We kick things off with the supremely chilled vibes of 'August 10', a track near the midway point of bewigged Texan trio Khruangbin's breakout second album, Con Todo El Mundo (a title referencing a frequent exchange that the band's bassist Laura Lee shared with her grandfather when she was a child, wherein he would ask her "CΓ³mo me quieres?" ("How much do you love me?"), and she would answer with "Con todo el mundo" ("With all the world")).

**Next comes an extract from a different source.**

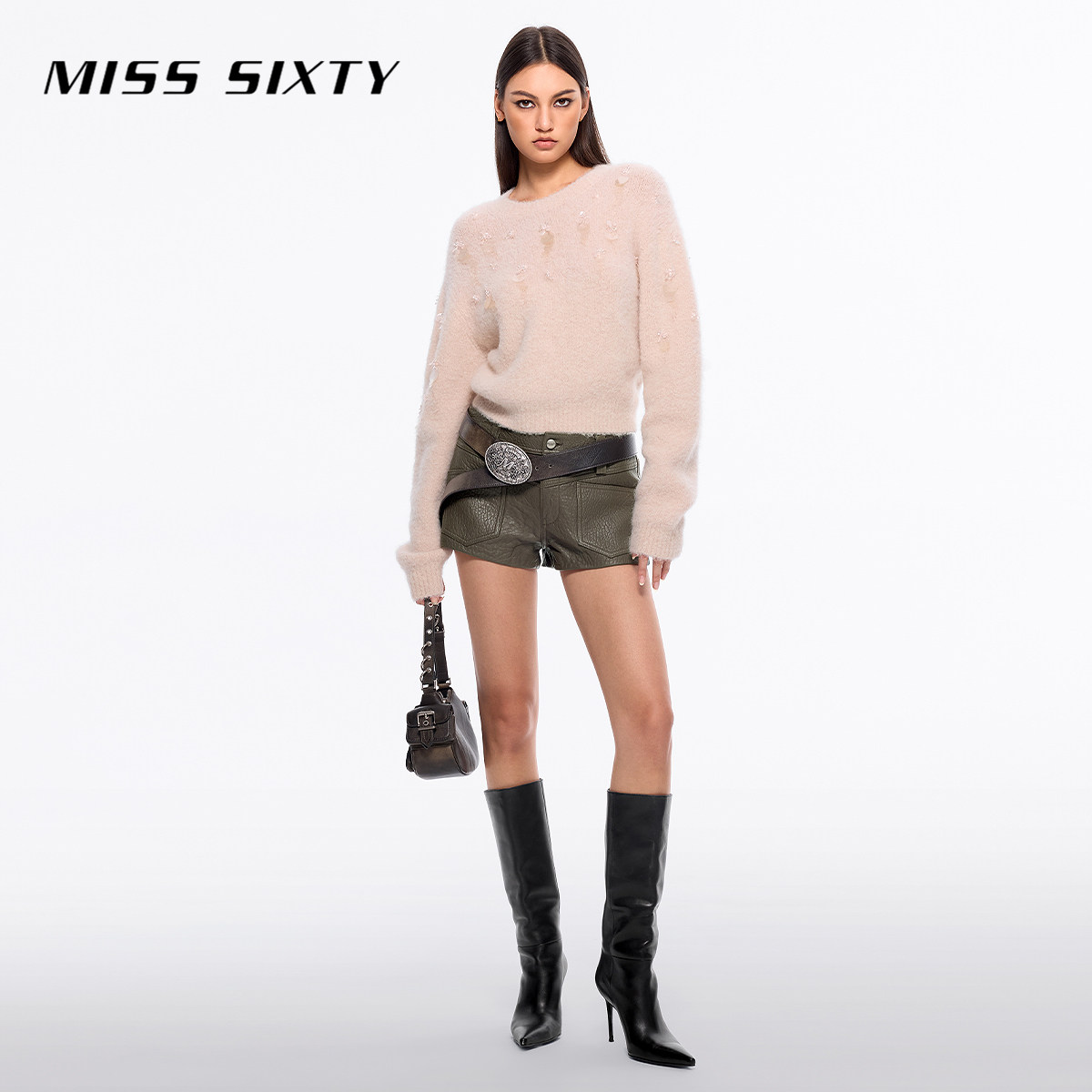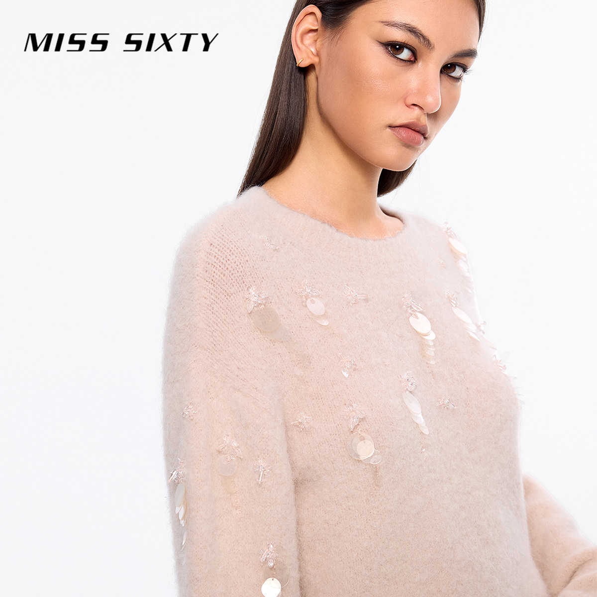 【闪耀派对】【保暖羊驼毛】Miss Sixty针织衫女重工钉珠毛衣温柔

Like with most of Khruangbin's music, 'August 10' has the gracefully groovy atmosphere of a sun-drenched summer afternoon, conjuring images of sunglasses, barbecues, deserts, cool drinks clinking in ice-filled glasses, and laughing friends lounging by a pool. (Though I could also be thinking of the setting of the brilliant Andy Samberg/Cristin Milioti sci-fi rom-com, Palm Springs, in which this very song appeared in that film's opening minutes, so maybe just let the music fill your imagination with whatever imagery comes to you.) This mood is adroitly manifested by the band's eclectic array of influences - psychedelia, funk, surf, and soul, spanning all across multiple decades, cultures, and continents anywhere and everywhere between East and West - and the flawless musicianship of all three members, from Laura Lee's throbbingly thick bass lines (or, if you prefer, thicc with as many added C's as you deem appropriate), to Donald "DJ" Johnson's pinpoint-precise percussion, and the glorious buttery-smooth guitar work of Mark Speer.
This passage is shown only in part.